Sahibi Bu, Ni Yan’ın Göksel Yıldız Avcısı Diski ile kaynaşmasına yardım edebilirdi…
Mo Tianji buna inanmadı. Ama şimdi… Yanıldığını biliyordu!
Mo Tianji’nin boynu çok sert hissetti. Yavaşça arkasını döndü ve yıldızlı bir gece gökyüzüne benzeyen şarap kadehini tutan tembel görünümlü Bu Fang’a baktı.
O genç şef… O nasıl bir tanrıydı?!
Gökyüzünün tonozunda, biriken yıldırım cezası dönmeyi durdurdu.
Patlaması!
Bir gök gürültüsü ejderhası göz kamaştırıcı bir ışık yaydı, dönüyor ve Ni Yan’ı hedef alıyordu.
Ni Yan’ın gözleri kayıtsızdı, sanki gözlerinde bir galaksi hareket ediyormuş gibi görünüyordu. Yükselirken vücudu yıldız ışığıyla kaplıydı ve gök gürültüsü ejderhasıyla çarpıştı. Işık göz kamaştırıcı bir şekilde çiçek açtı.
Oradan çok uzakta…
En güçlü iblis kralın saçları yükseldi ve ondan korkunç bir aura fırladı. Sırıtarak heyecanla, “Yine o kadın… O ölmedi! Parmağım onu öldürmedi!”
Harabe Hapishanesindeki uzmanlar çok şaşırmıştı.
Sonra, en güçlü iblis kralın elinde Nether enerjisinin, etrafında dönen karanlık Nether enerjisiyle siyah bir yaya dönüştüğünü gördüler.
Gökyüzündeki Yıldırım Ejderhası ile dolaşan Ni Yan’a nişan alarak uzun yayı uzattı.
“O zaman seni uğurlayacağım!”
gıcırtısı.
Nether enerjisi döndü ve büyük, siyah bir oka dönüştü.
Dilek!
Yırtılma sesleri yükseldi.
sonra… Hala Gök Gürültüsü Ejderhası ile dolaşmış olan Ni Yan’a karanlık enerjili bir ok atıldı ve beraberinde sonik patlamalar getirdi.
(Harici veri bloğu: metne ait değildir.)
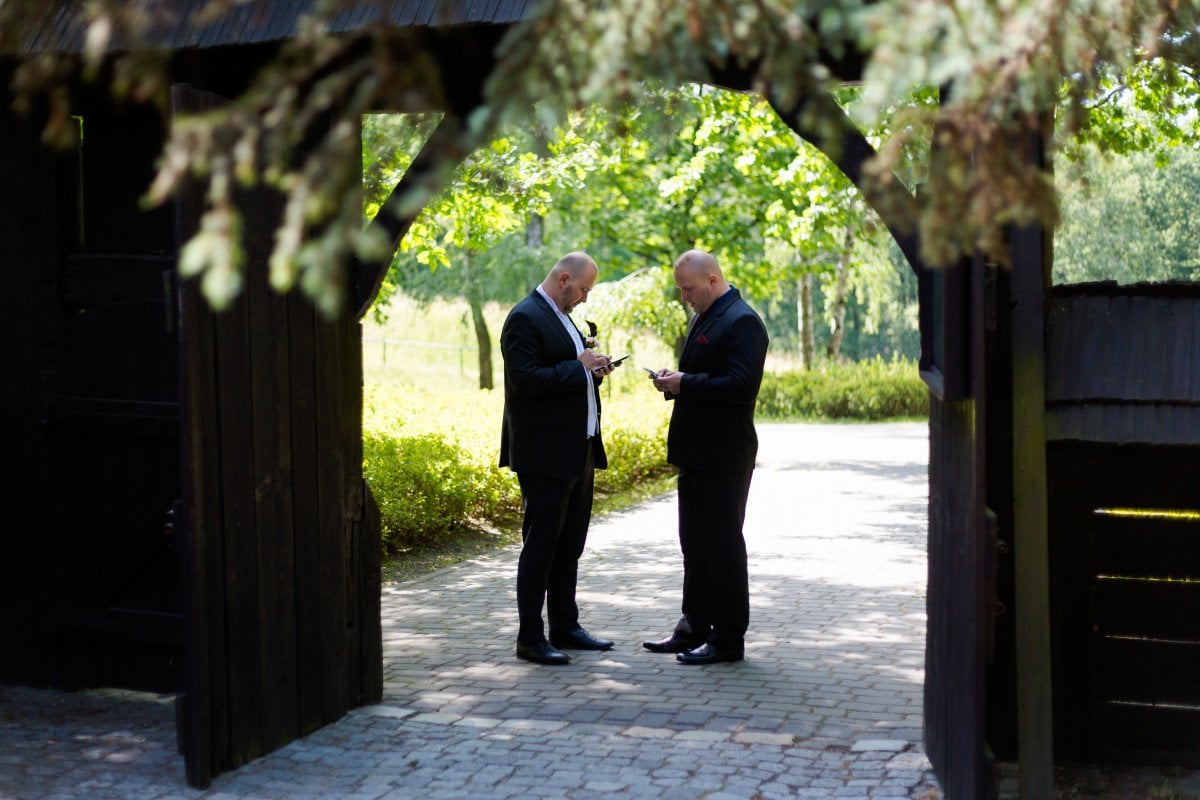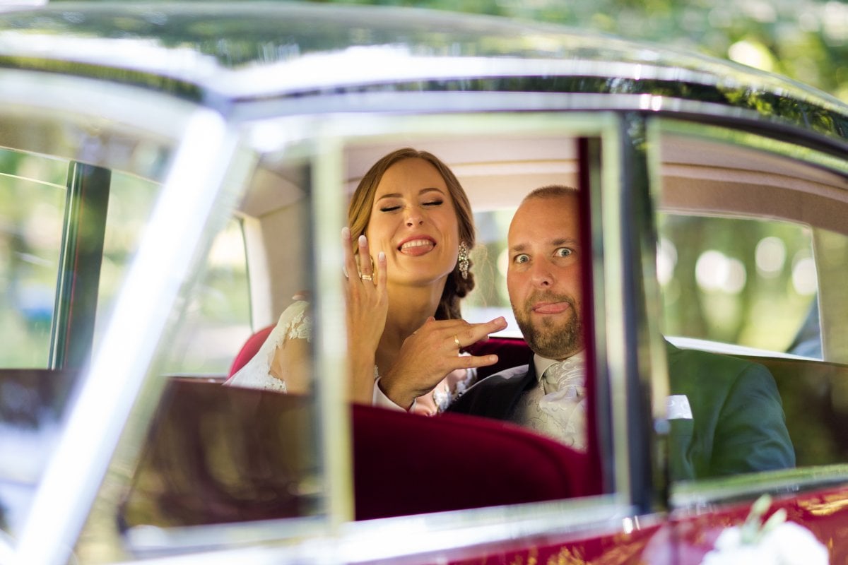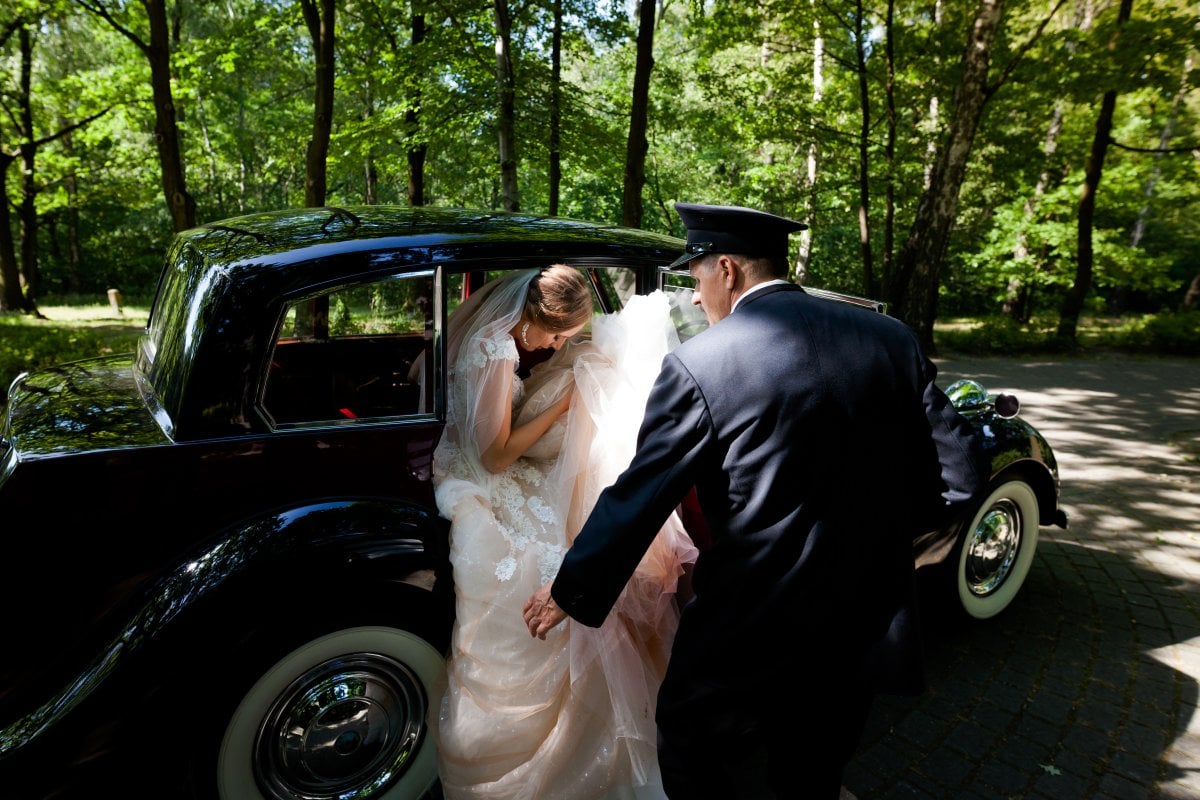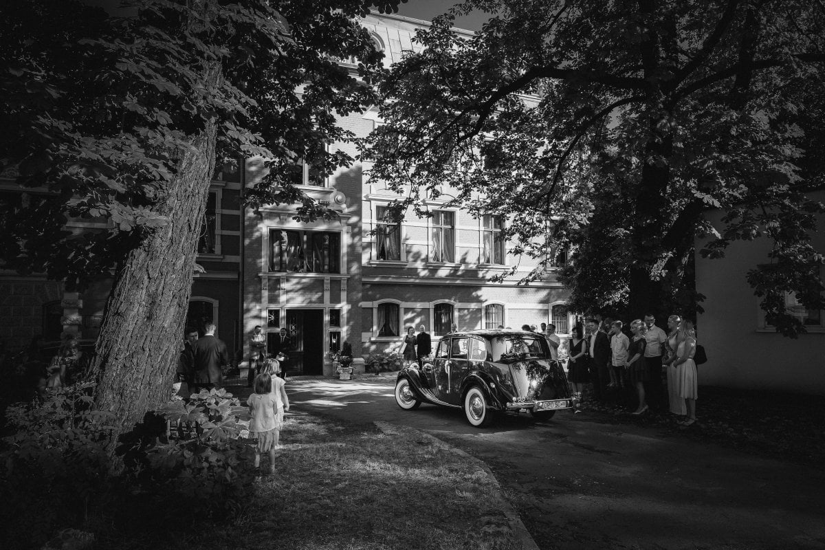 Na pewno zwrócicie też uwagę na zabytkowy samochód, którym poruszała się Para Młoda (a skoro już tak było, to dlaczego nie wykorzystać takiego cuda do zdjęć? 🙂 ). Wspaniałe autko i kierowca z klasą, który z ogromną pasją opowiada o nim zaciekawiając tym wszystkich słuchających (to pewnie dlatego część gości znikała na początku wesela 😉 ).

“Parçaladığım Göksel Yıldız Avcısı Diski ile nasıl kaynaştığını bilmesem de, ne olursa olsun… Bu sefer ölmelisin!”
En güçlü iblis kral sırıttı.
Ancak bundan hemen sonra kahkahası kesildi.
Gözleri küçüldü.
Onlardan çok uzakta, Yıldırım Ejderhası gökyüzünde kıvrılarak kükredi. Ve o Yıldırım Ejderhasının etrafında döndüğü yıldız ışığında kibirli bir şekilde duran bir figürdü.
Ni Yan, ince, porselen benzeri parmaklarından birini kaldırdı ve Nether enerji okunu işaret etti.
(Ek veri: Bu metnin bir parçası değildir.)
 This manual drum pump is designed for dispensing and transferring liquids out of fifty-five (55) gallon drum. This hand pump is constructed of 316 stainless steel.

Çenesini yukarı kaldırdı, homurdandı. Gözleri birkaç yüz mil boyunca delip geçti ve kara bulutların üzerinde asılı duran en güçlü iblis krala baktı.
Sesi kibirli ama aynı zamanda yumuşak ve tatlıydı, haykırırken, “Bu yaşlı kadını bir kez pusuya düşürdün. Tekrar yapmak ister misin?! Bu sefer, bu hanımefendi senin aşağılık gösterişli vücudunu kesecek, böylece Sahibi Bu seni şarabıyla tadını çıkarabilsin!